Convertible Term Insurance - This type of policy allows you to convert your contract to either a whole life or an endowment insurance policy without having to provide evidence of good health.  This type of policy can be very useful particularly if you have suffered ill health since the contract was originally taken out.

Decreasing Term Insurance - This policy has a gradual reducing sum insured over the period of the policy. This type of contract is ideal to cover loans, at the end of the period, the sum insured will be zero. It is cheaper as the longer you live, the less the insurance company will have to pay out

Increasing Term Insurance - This policy acts in reverse of the above, each year the sum insured will increase. It is a good way of making sure that your cover keeps pace with inflation. It will also prove useful if you have to extend you mortgage or take out a loan at any time in the future.

Family Income Benefit
- This insurance policy is designed to provide a regular income to your dependents should you die. It is normally arranged for husbands and wife’s and can be arranged on a first death basis. It will usually pay out until such time as the dependents can care for themselves.
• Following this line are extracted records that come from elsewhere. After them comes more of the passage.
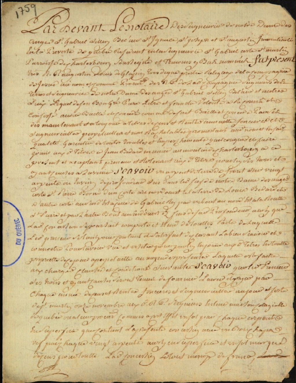Acte de concession d'un arpent de terre de front sur environ vingt arpents de profondeur dans la côte Saint-Pierre, dans le fief de Notre-Dame-des-Anges, à Jean Bédard, meunier au moulin de Charlesbourg, par le très Révérend Père Augustin-Louis de Glapion, très digne prêtre et religieux de la Compagnie de Jésus, au nom et comme procureur des Révérends Pères de ladite Compagnie, seigneurs des terres et seigneuries de Notre-Dame-des-Anges, Saint-Gabriel, Sillery, Bélair et autre lieux, par-devant Geneste (Genest), notaire desdites seigneuries, immatriculé en la Prévôté de Québec, résidant dans la côte Saint-Martin, en la seigneurie de Saint-Gabriel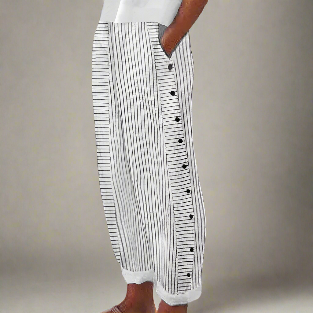 Elodie | Pantalon Taille Haute à Rayures avec Poches Latérales – Polyvalent et Stylé pour le Quotidien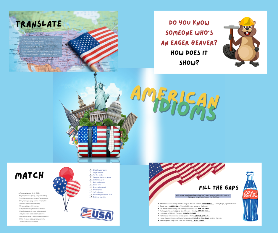 American Idioms – prezentacja w Canvie na podstawie video to kompleksowy materiał dla nauczycieli języka angielskiego, którzy chcą wprowadzić uczniów w świat popularnych amerykańskich idiomów w atrakcyjnej, multimedialnej formie. Prezentacja bazuje na autentycznym materiale wideo, w którym Dave z Ameryki tłumaczy znaczenie idiomów takich jak stick to your guns, eager beaver, for the birds, get your ducks in a row i wiele innych.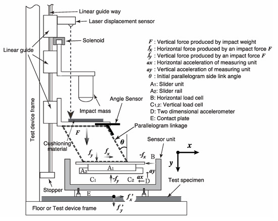 Figure 1 shows the structure of the 2-D impact test device. An impact force F is produced by dropping an impact mass onto the upper edge of a parallelogram linkage. The parallelogram linkage, represented by a dashed line in Figure 1, divides force F into a horizontal force and a vertical force, and transduces these forces to the sensor unit through the slider unit (A1, A2) without angular momentum. The parallelogram linkage is rigid, so that it always keeps the sensor unit in a horizontal position, even while the upper edge of the parallelogram linkage descends along the vertical linear guideway attached to the frame. That the force data from vertical load cells (C1 and C2) show almost the same time-series data supports this assertion. The initial angle θ controls the ratio of fx/fy. To calculate the forces applied to a specimen, f’x and f’y, a multiple of the sensor unit mass (0.8262 kg) and the relevant directional acceleration are subtracted from the measured forces fx and fy. Part D is a 2-D accelerometer. Horizontal and vertical velocity and displacement are calculated from acceleration by integration. Initial angle θ and drop height are measured by an angular sensor and laser displacement sensor, respectively. Impact mass is 6.5 kg, held and released by an electromagnet system to produce certain height drops.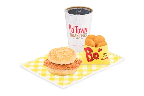 A tender, juicy chicken breast marinated in a secret mix of herbs and spices. It’s served on a warm buttermilk biscuit that adds a soft, buttery taste to every bite. You can pair it with a hot coffee, a medium soda, or crispy Bo-Tato Rounds® for a delicious and filling meal.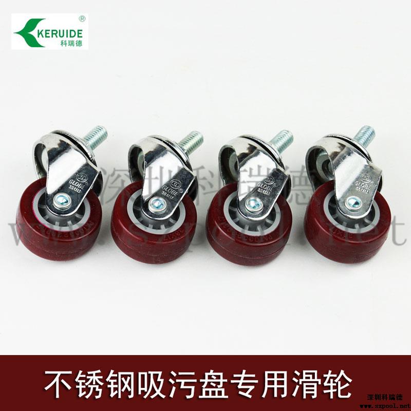 滑輪,為吸污盤輪子,手動泳池吸污機配件之一,是不銹鋼吸污盤滑輪,一般大型的手動吸污機都有帶銹鋼吸污盤,吸污盤由不銹鋼制成,相對其他的普通吸污頭,重量是其他吸污頭的幾倍到十幾倍。所以吸污盤的滑輪也需要選擇一款質(zhì)量可靠的滑輪。本款滑輪是針對重量非常重的不銹鋼吸污盤。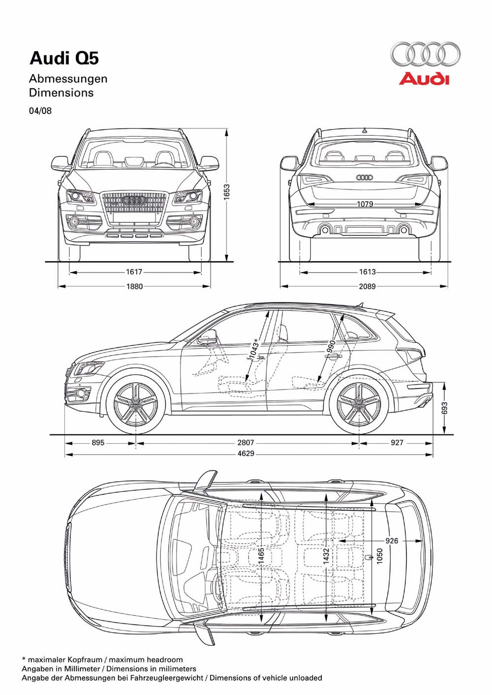 Profil vozu utvářejí velká kola a elegantní linie střechy s decentními podélnými lištami pro nosiče. Při pohledu zezadu prozrazuje rodinnou příbuznost s větším Audi Q7 víko zavazadlového prostoru, které je podobně jako přední kapota z hliníku. Zadní svítilny jsou v provedení s výraznou světelnou technikou LED.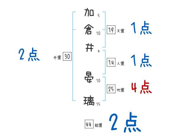 総運![]() | 加倉井晏璃さんの総運は44画の2つ星!誠実で慎重な性格。物事を考えすぎないように注意しましょう。 あなたの人生を表す1番重要な運勢です。生涯を通じて影響する総合運となり、主に50歳以降の晩年期に影響を及ぼします。 |
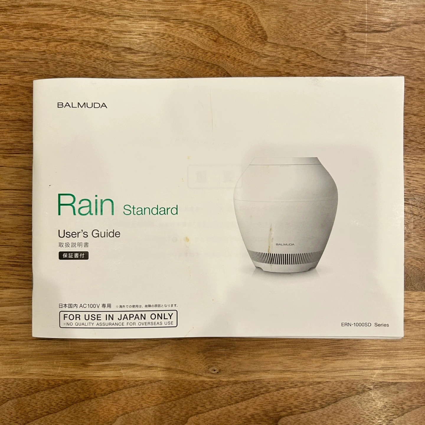 バルミューダの加湿器、Rainです。 付属品: 取扱説明書 状態: 小傷、給水部分、フィルター設置パーツに白い汚れがあります。 通電は確認済み、問題なくお使いいただけます。 フィルターなどは数回使ったものなので、交換した方が気持ちよくお使いいただけるかと思います。 つけたままでお渡ししますのでこのままお使いいただくことも可能です。 こちらから購入できます: https://www.balmuda.com/jp/rain/accessory 中古品であることをご理解の上、ご検討いただけますと嬉しいです。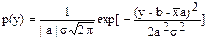 Если связь между значениями Х и Y неоднозначна, как, например, на рис. 8.3.4, и значению у может соответствовать несколько значений х, то вероятность попадания случайной величины у в интервал dy будет складываться из суммы вероятностей несовместных событий px(x1)dx1 + px(x2)dx2 +..., откуда следует: py(y) = Пример. Связь случайных величин Х и Y задана выражением Y = aX+b. Плотность вероятностей величины Х соответствует распределению Гаусса: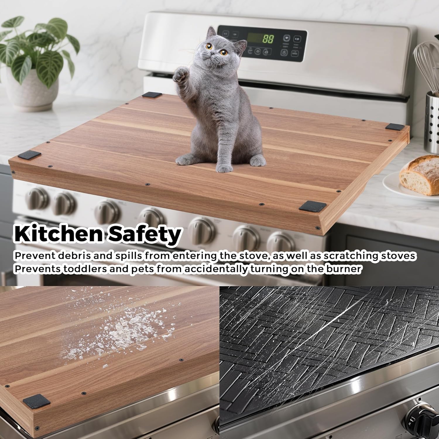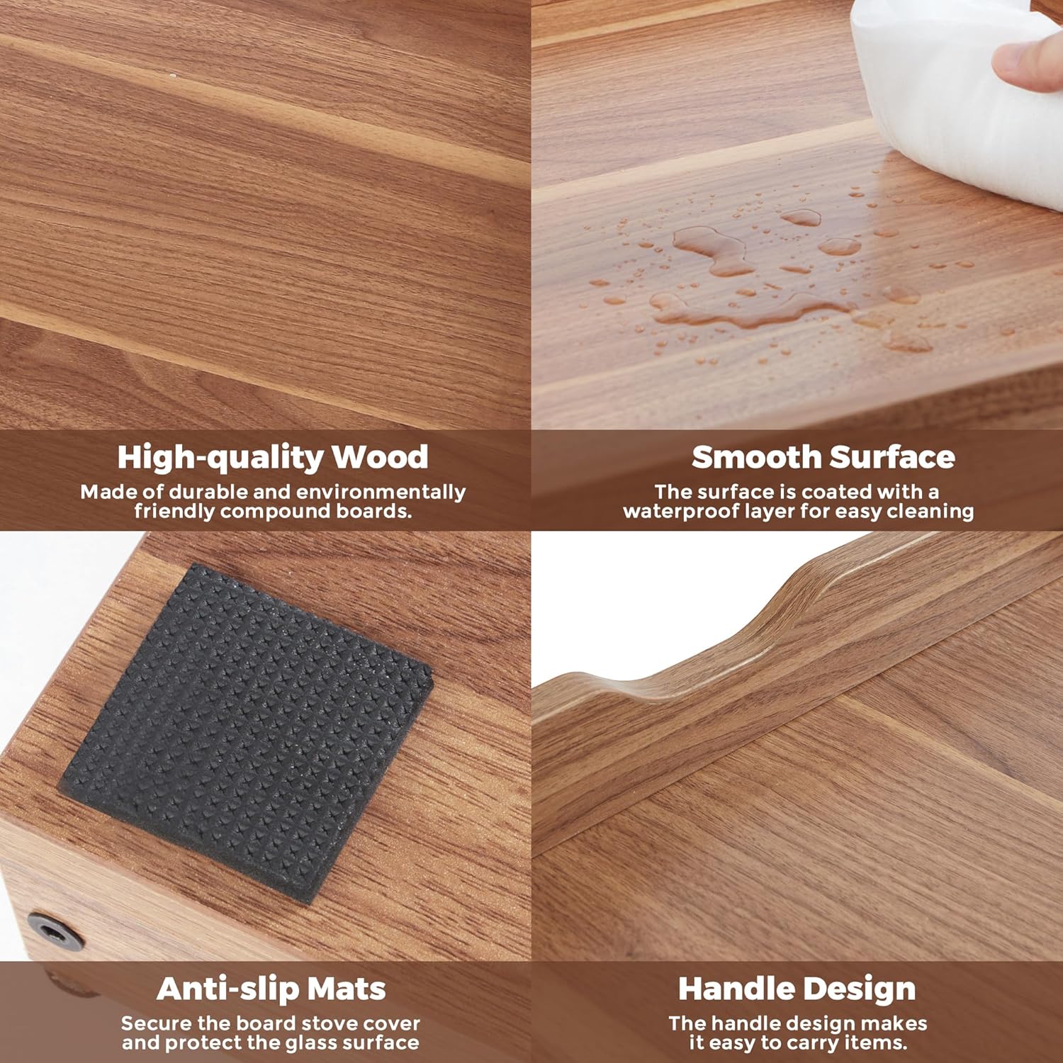 Premium Materials: Our stovetop covers are made of premium and environmentally friendly P2-grade CARB to ensure durability and longevity, each layer is composed of thickened particleboard, which can effectively prevent corrosion, warping and curling. The bottom of the stove burner covers is protected by a rubber strip, which can be placed firmly on the stovetop without slipping.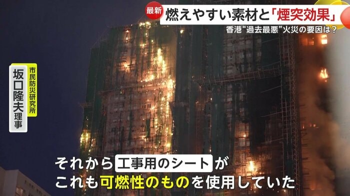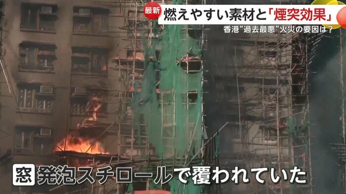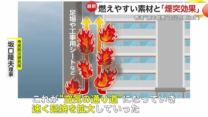 修繕工事中の竹製足場や可燃性シートが延焼拡大の要因とみられている。専門家は、燃えやすい素材で建物が覆われていたことで、さらに「煙突効果」といった現象が発生し、火が瞬く間に燃え広がった可能性を指摘する。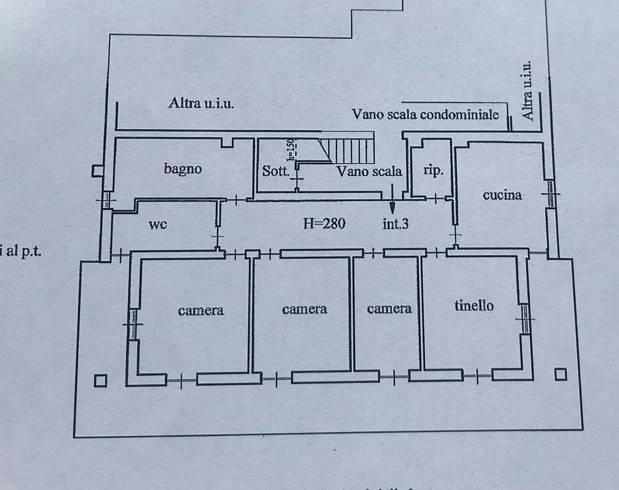 L'Appartamento è composto da una cucina con termo cucina, una sala da pranzo, un ripostiglio, tre spaziose camere da letto e due bagni.
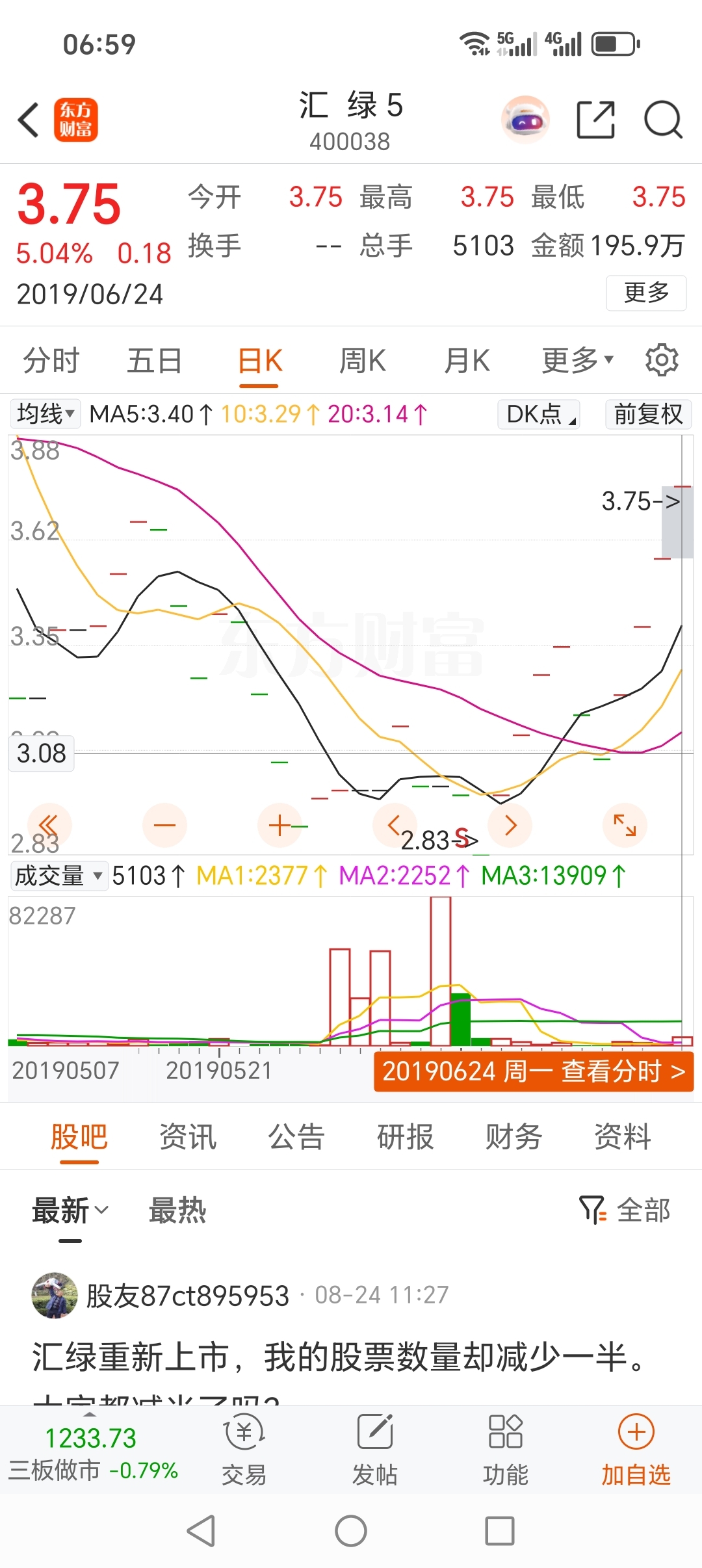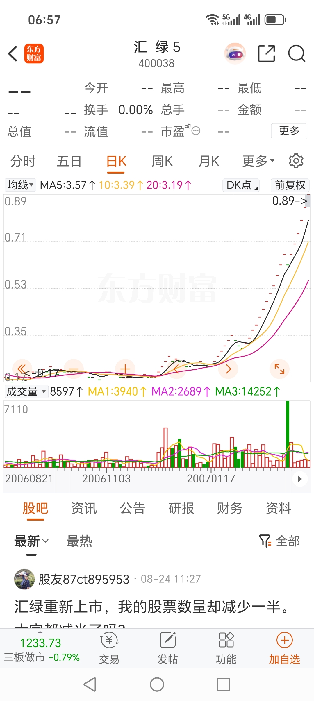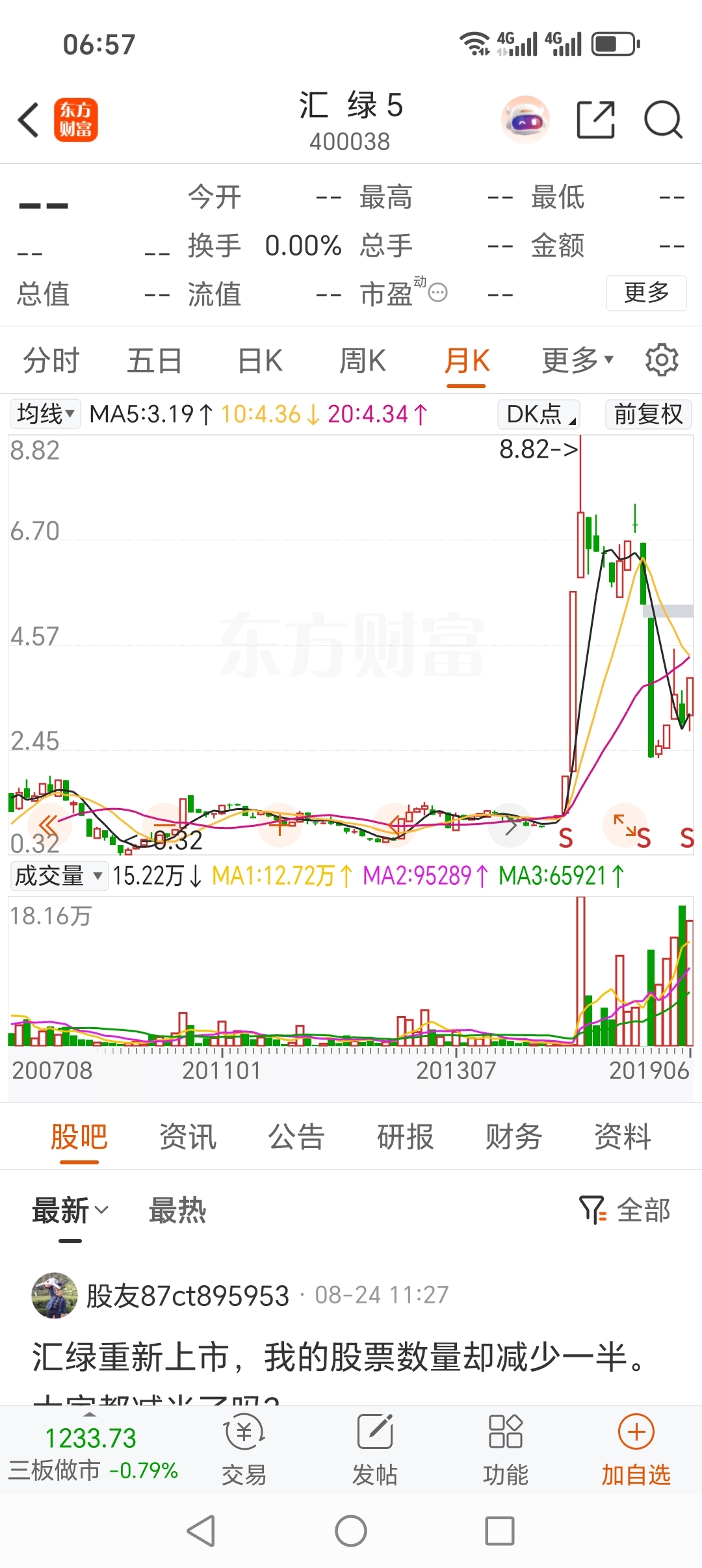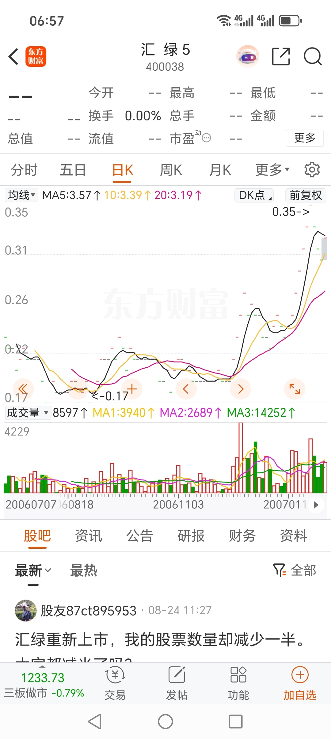 大家不要气馁,汇绿当年最后一天,停牌前还放量一把,老三板的交易不要按常规思维。

Whole Life Insurance - The difference between this policy and the above is that it will cover the whole of your life, not just for a set period. The premiums continue to be paid until death occurs policies of this type can be with or without profits. The profits policies are more expensive but then, the payout will be better at the end.  On some contracts, you can elect to stop making payments at the age of 65, obviously, the payout on death will be lower.  Unlike the earlier mentioned Term Insurance policies, this type of policy will have some kind of surrender value if you decide to cash it in at any time, of course in the early years any redemption value may be very low. It is also possible in some cases to borrow on this type of policy.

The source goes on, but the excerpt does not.